:: Your instructions ::
For the records below, output word for word the lines from the one with "Ребёнок с удовольствием" up to and including the one with "商品名称:森林雨 【素-凝绣】2026新款133x76高精密刺绣100%全棉四件套 春妍-鱼尾灰". No pictures.

:: Extracted material ::

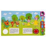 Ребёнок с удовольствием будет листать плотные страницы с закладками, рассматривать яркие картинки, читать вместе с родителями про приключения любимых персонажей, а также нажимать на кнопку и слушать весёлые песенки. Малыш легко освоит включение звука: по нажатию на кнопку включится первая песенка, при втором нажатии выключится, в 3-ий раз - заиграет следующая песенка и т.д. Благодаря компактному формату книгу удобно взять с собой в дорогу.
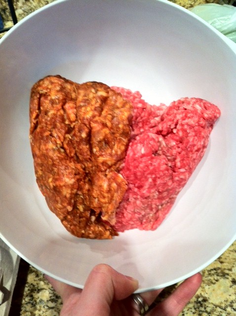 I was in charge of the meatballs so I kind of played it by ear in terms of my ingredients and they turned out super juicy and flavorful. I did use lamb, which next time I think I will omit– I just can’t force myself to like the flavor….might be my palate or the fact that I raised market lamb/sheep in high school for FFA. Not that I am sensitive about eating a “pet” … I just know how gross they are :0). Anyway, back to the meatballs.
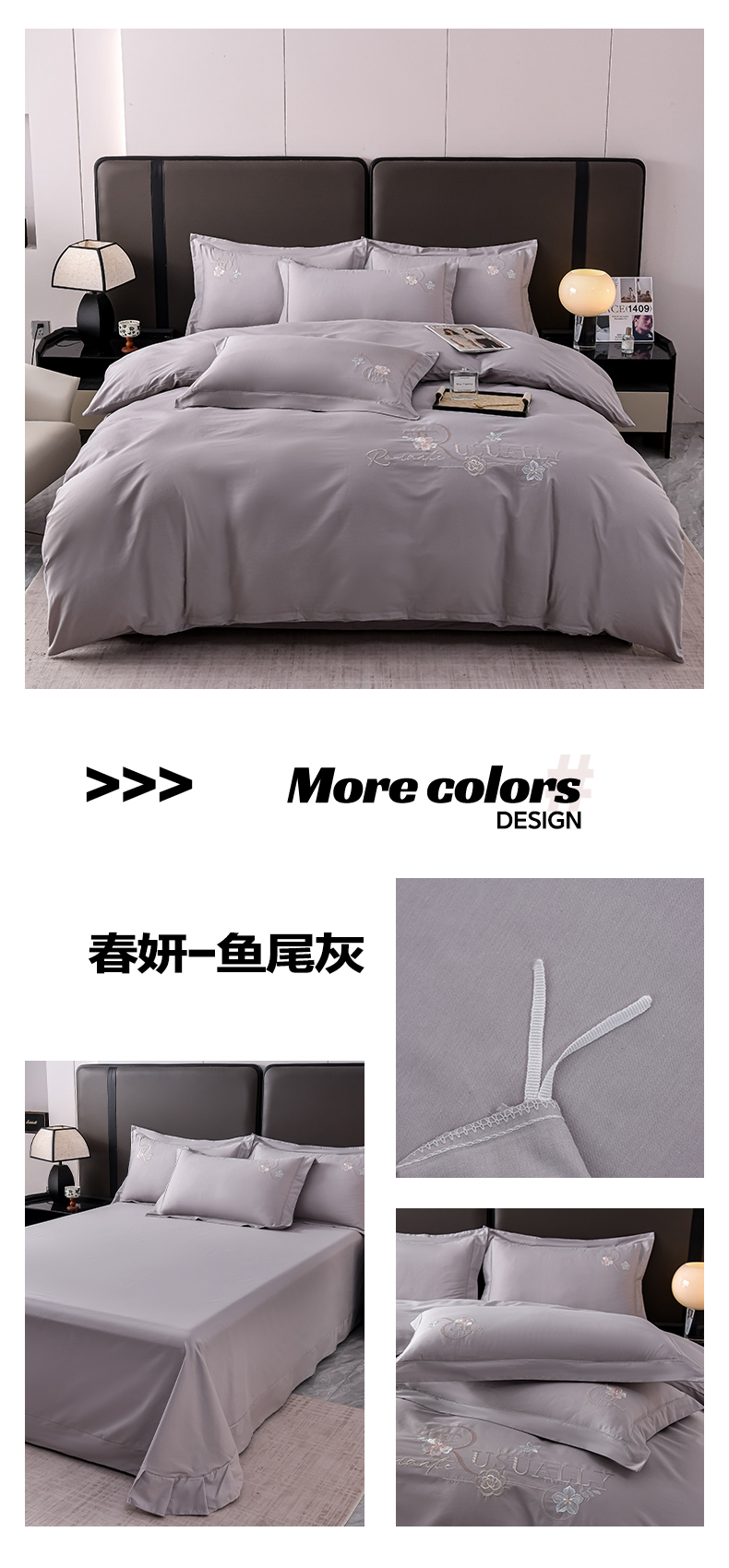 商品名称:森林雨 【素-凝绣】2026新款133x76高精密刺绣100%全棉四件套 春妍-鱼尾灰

--

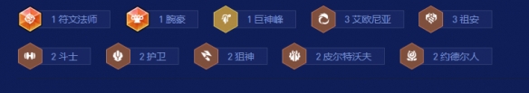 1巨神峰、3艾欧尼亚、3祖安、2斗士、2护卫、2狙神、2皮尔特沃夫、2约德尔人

...

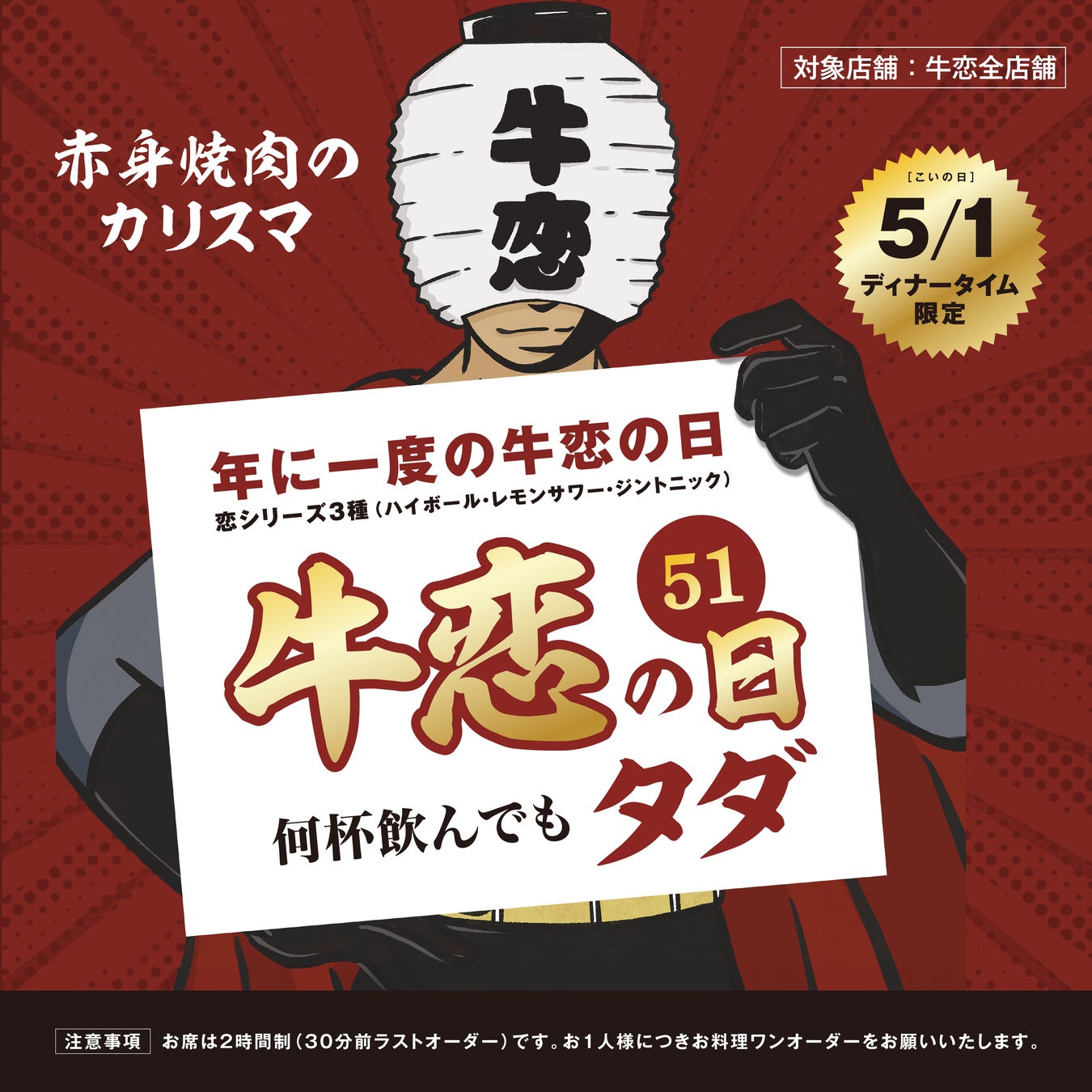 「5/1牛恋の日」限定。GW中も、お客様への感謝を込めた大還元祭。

:: Solution to the problem ::
 Ребёнок с удовольствием будет листать плотные страницы с закладками, рассматривать яркие картинки, читать вместе с родителями про приключения любимых персонажей, а также нажимать на кнопку и слушать весёлые песенки. Малыш легко освоит включение звука: по нажатию на кнопку включится первая песенка, при втором нажатии выключится, в 3-ий раз - заиграет следующая песенка и т.д. Благодаря компактному формату книгу удобно взять с собой в дорогу.
 I was in charge of the meatballs so I kind of played it by ear in terms of my ingredients and they turned out super juicy and flavorful. I did use lamb, which next time I think I will omit– I just can’t force myself to like the flavor….might be my palate or the fact that I raised market lamb/sheep in high school for FFA. Not that I am sensitive about eating a “pet” … I just know how gross they are :0). Anyway, back to the meatballs.
 商品名称:森林雨 【素-凝绣】2026新款133x76高精密刺绣100%全棉四件套 春妍-鱼尾灰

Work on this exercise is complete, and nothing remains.